U.S. Sen. Rob Portman (R-Ohio), one of the leaders of a bipartisan negotiation team that drafted a $1 trillion infrastructure bill, has come out in support of an amendment which would narrow the tax reporting requirements on crypto businesses.

The original provision, which seeks to raise about $28 billion from the industry, would enforce wider information reporting rules on crypto brokers, but broadened the definition to any entity which provide digital asset transfer services. Industry participants worried that the provision would include miners, node operators/validators, software developers and hardware manufacturers, among others, rather than just trading platforms like exchanges or OTC desks that actually provide these services.

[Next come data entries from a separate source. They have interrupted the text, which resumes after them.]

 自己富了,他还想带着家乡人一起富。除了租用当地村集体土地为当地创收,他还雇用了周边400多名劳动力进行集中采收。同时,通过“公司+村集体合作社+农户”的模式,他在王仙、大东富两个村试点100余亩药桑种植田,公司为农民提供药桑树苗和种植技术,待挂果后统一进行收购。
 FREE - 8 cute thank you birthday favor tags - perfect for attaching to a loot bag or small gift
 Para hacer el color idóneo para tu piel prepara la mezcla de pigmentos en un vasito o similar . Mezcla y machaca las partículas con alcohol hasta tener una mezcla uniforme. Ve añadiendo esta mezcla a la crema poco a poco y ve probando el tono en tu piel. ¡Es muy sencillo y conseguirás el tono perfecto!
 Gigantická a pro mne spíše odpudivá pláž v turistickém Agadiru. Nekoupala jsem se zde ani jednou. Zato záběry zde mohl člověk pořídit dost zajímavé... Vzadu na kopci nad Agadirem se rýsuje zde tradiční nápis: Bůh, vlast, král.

Sens. Ron Wyden (D-Ore.), Cynthia Lummis (R-Wyo.) and Pat Toomey (R-Penn.) proposed an amendment on Wednesday which would exempt the non-custodial business functions if adopted.

Portman, who previously defended the original provision and said it would not impact companies like miners, tweeted support for the Wyden/Lummis/Toomey amendment on Thursday, calling on the Senate to vote on the move.

However, the Joint Committee on Taxation (JCT), which projected the original $28 billion figure, reportedly said the amendment could knock about $5 billion off the actual amount of tax revenue generated.

It’s unclear when the Senate might vote on the amendment. However, Senate Majority Leader Chuck Schumer (D-N.Y.), is looking to close up all amendments by Thursday and set up a vote on the actual bill by Saturday, Politico reported.